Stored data
►
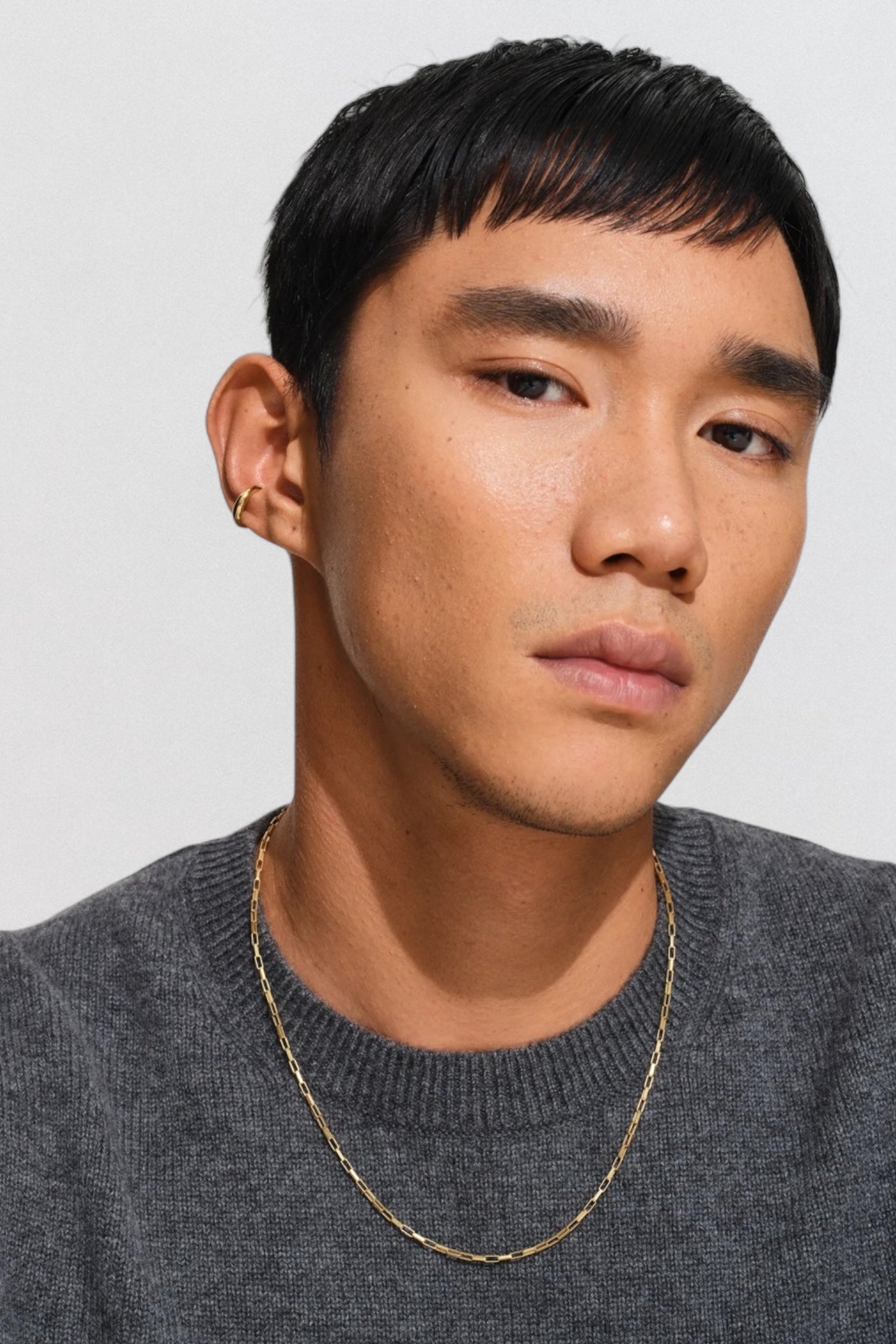 The Ear Cuff Slim Gold is a classic ear cuff designed to be worn alone or combined with other ear cuffs and earrings from our collection. Create contrasts by combining with silver, or stack up with one of our paved options.
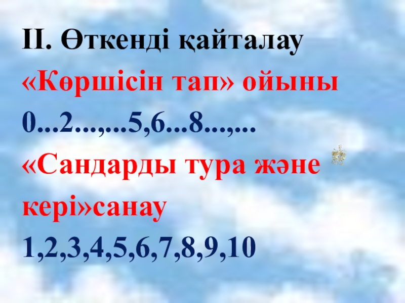 ІІ. Өткенді қайталау«Көршісін тап» ойыны 0...2...,...5,6...8...,... «Сандарды тура және кері»санау 1,2,3,4,5,6,7,8,9,10
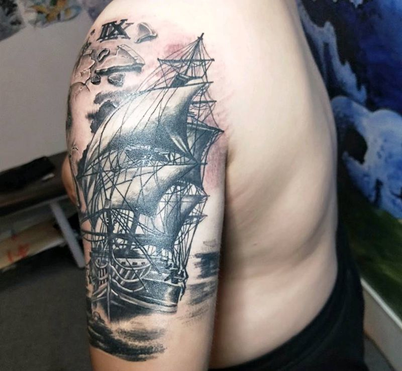 当前位置: 首页 >广西桂林市纹身店-文刺青纹身工作室纹身图案>帆船时钟纹身图片
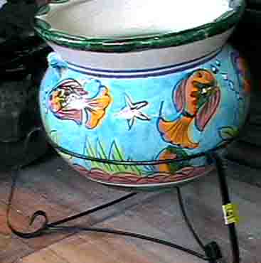 FISH PLANTER (with stand) Dimensions (cm): 35DIAx30h planter47h standFinish: glaze over hand painted clay;heavy iron standCode: 1013000015
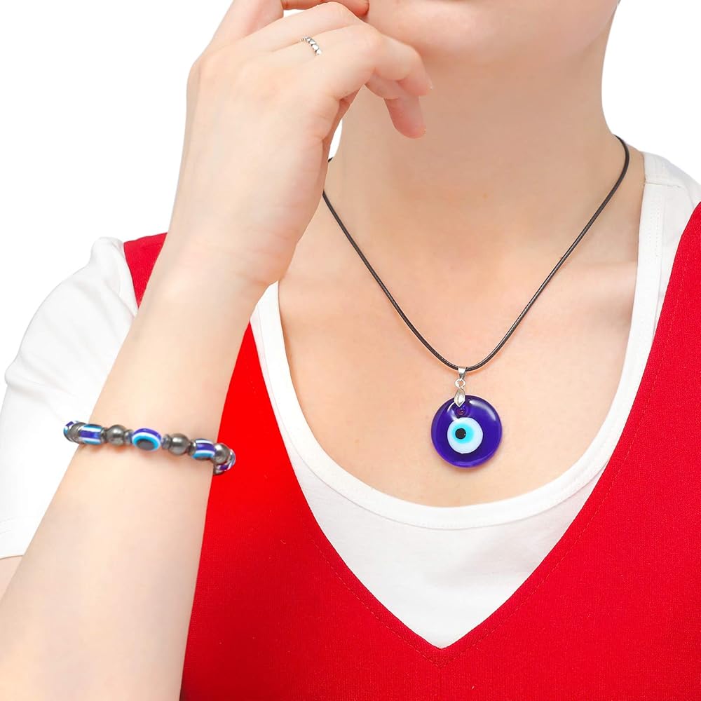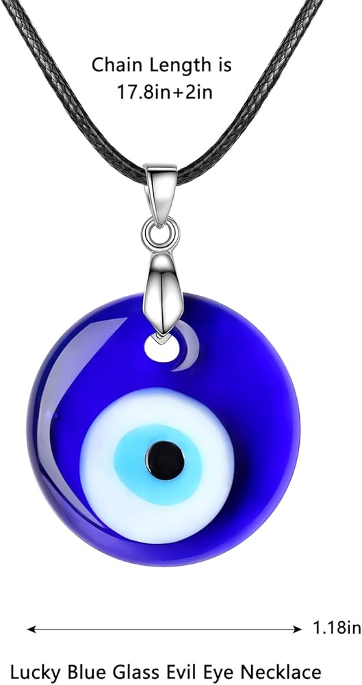 🎁[قلادة عين الشر للنساء والرجال] - قلادة سلسلة الحبال الجلدية ذات العين الزجاجية عملية لأنشطتك اليومية أو الحفلات أو الذكرى السنوية أو الاجتماعات؛ قلادة العين الشريرة الخاصة بنا مناسبة للذكور والإناث. سعادتك هي سعادتنا. إذا كان لديك أي أسئلة، فلا تتردد في الاتصال بنا، وسوف نبذل قصارى جهدنا لمساعدتك على حلها.
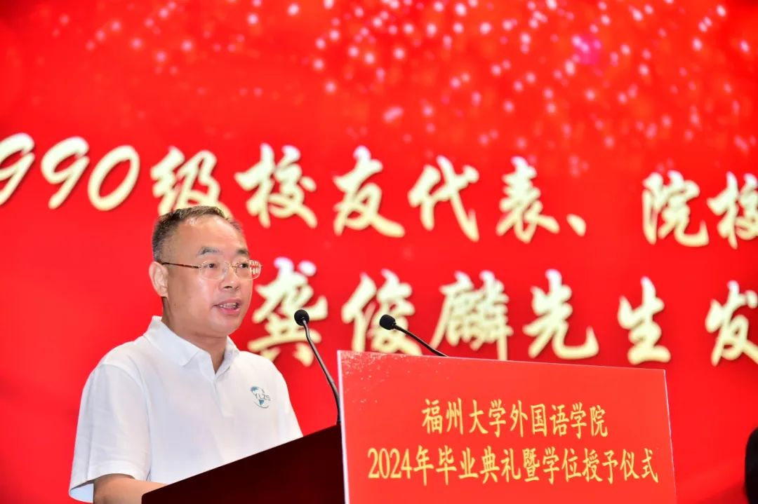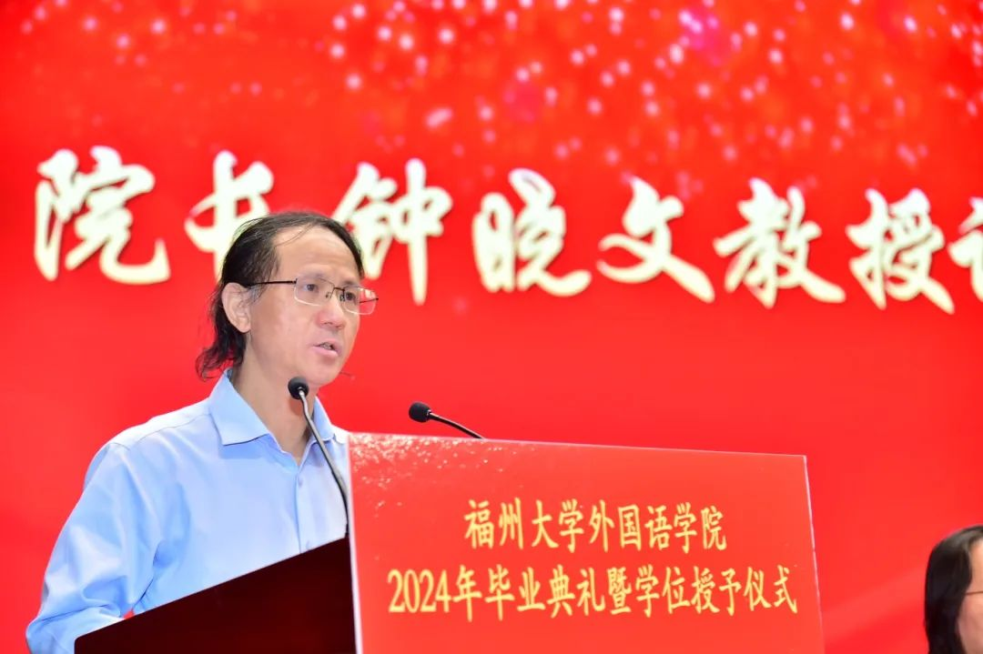 随后2024届优秀毕业生代表张朱琳同学、2024届硕士毕业生代表张誉馨同学、1990级校友代表暨院校友会理事龚俊麟先生、教师代表沈杏轩老师、院长钟晓文教授依次上台发言。
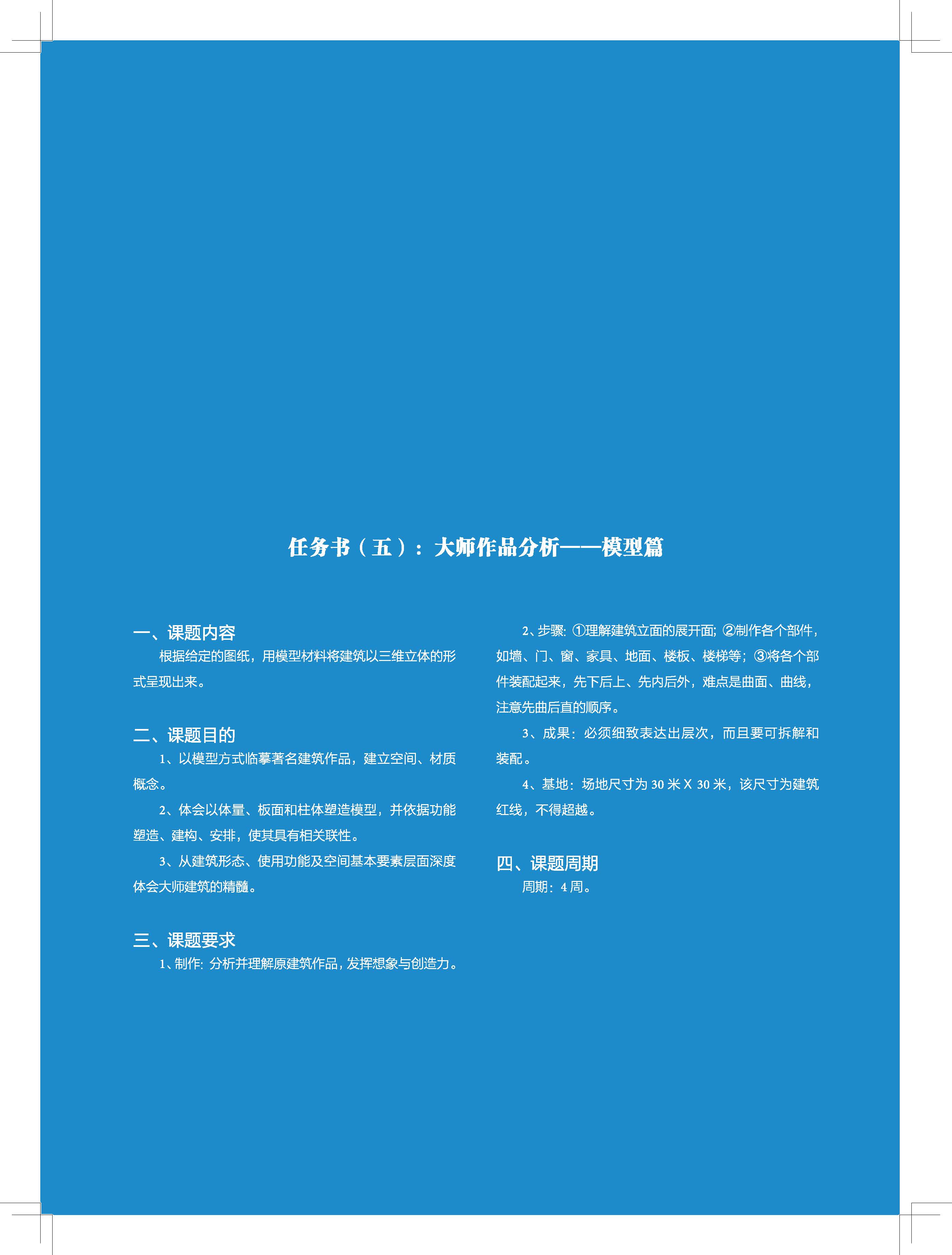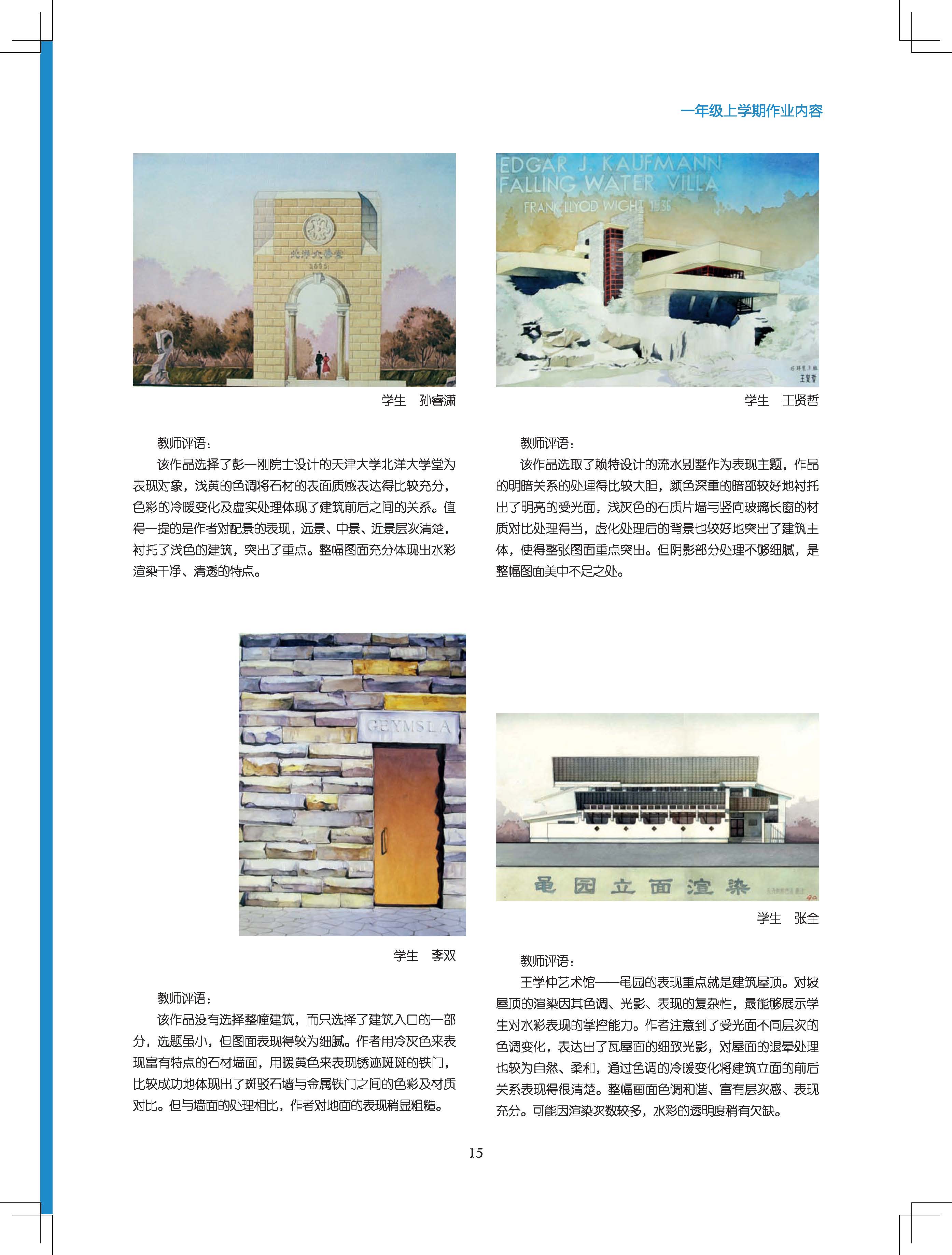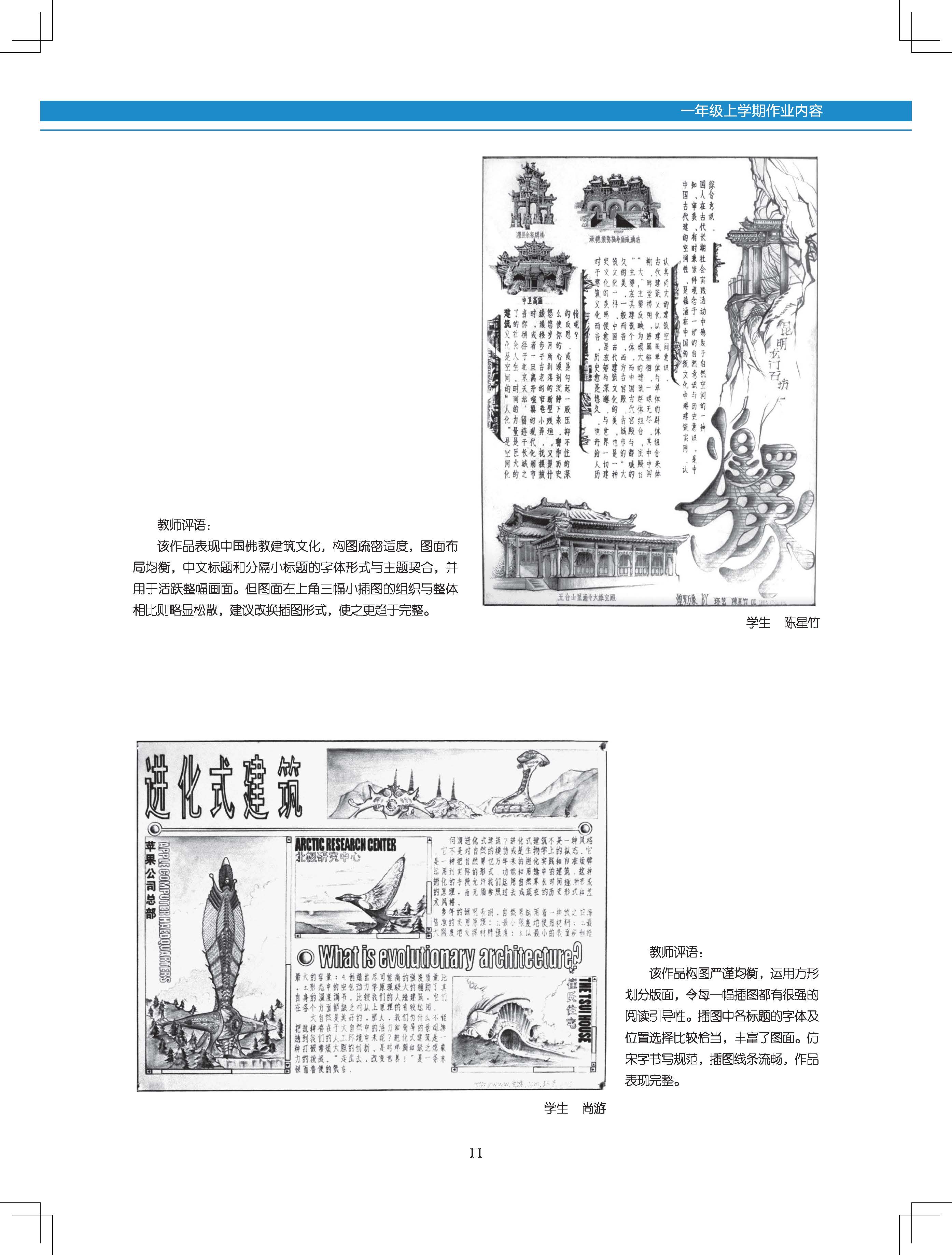 本書包括一年級作品點評和二年級作品點評兩部分,一年級的第一學期的課程主要注重對學生傳統(tǒng)技能的訓練、建筑知識體系的建立、學生建筑背景知識的完善、良好的學習方法和學習習慣的培養(yǎng),并且強調(diào)對學生創(chuàng)新能力的激發(fā)。第二學期以空間為主題,通過一系列由簡單到復雜、由概念性空間到實用性空間的創(chuàng)造過程,更注重對學生的空間想象和塑造能力的啟發(fā)、模型手段運用的強化、三維對應關系的建立,培養(yǎng)學生的空間創(chuàng)造潛能和初步設計的基本技能、創(chuàng)新思維意識。二年級的課程主要以建筑方案設計為主,室內(nèi)設計、景觀設計元素認知為輔。
◄
■ What the task asks ■
With the pictures left aside, write out all of the records above exactly.

■ Answer section ■
 The Ear Cuff Slim Gold is a classic ear cuff designed to be worn alone or combined with other ear cuffs and earrings from our collection. Create contrasts by combining with silver, or stack up with one of our paved options.
 ІІ. Өткенді қайталау«Көршісін тап» ойыны 0...2...,...5,6...8...,... «Сандарды тура және кері»санау 1,2,3,4,5,6,7,8,9,10
 当前位置: 首页 >广西桂林市纹身店-文刺青纹身工作室纹身图案>帆船时钟纹身图片
 FISH PLANTER (with stand) Dimensions (cm): 35DIAx30h planter47h standFinish: glaze over hand painted clay;heavy iron standCode: 1013000015
 🎁[قلادة عين الشر للنساء والرجال] - قلادة سلسلة الحبال الجلدية ذات العين الزجاجية عملية لأنشطتك اليومية أو الحفلات أو الذكرى السنوية أو الاجتماعات؛ قلادة العين الشريرة الخاصة بنا مناسبة للذكور والإناث. سعادتك هي سعادتنا. إذا كان لديك أي أسئلة، فلا تتردد في الاتصال بنا، وسوف نبذل قصارى جهدنا لمساعدتك على حلها.
 随后2024届优秀毕业生代表张朱琳同学、2024届硕士毕业生代表张誉馨同学、1990级校友代表暨院校友会理事龚俊麟先生、教师代表沈杏轩老师、院长钟晓文教授依次上台发言。
 本書包括一年級作品點評和二年級作品點評兩部分,一年級的第一學期的課程主要注重對學生傳統(tǒng)技能的訓練、建筑知識體系的建立、學生建筑背景知識的完善、良好的學習方法和學習習慣的培養(yǎng),并且強調(diào)對學生創(chuàng)新能力的激發(fā)。第二學期以空間為主題,通過一系列由簡單到復雜、由概念性空間到實用性空間的創(chuàng)造過程,更注重對學生的空間想象和塑造能力的啟發(fā)、模型手段運用的強化、三維對應關系的建立,培養(yǎng)學生的空間創(chuàng)造潛能和初步設計的基本技能、創(chuàng)新思維意識。二年級的課程主要以建筑方案設計為主,室內(nèi)設計、景觀設計元素認知為輔。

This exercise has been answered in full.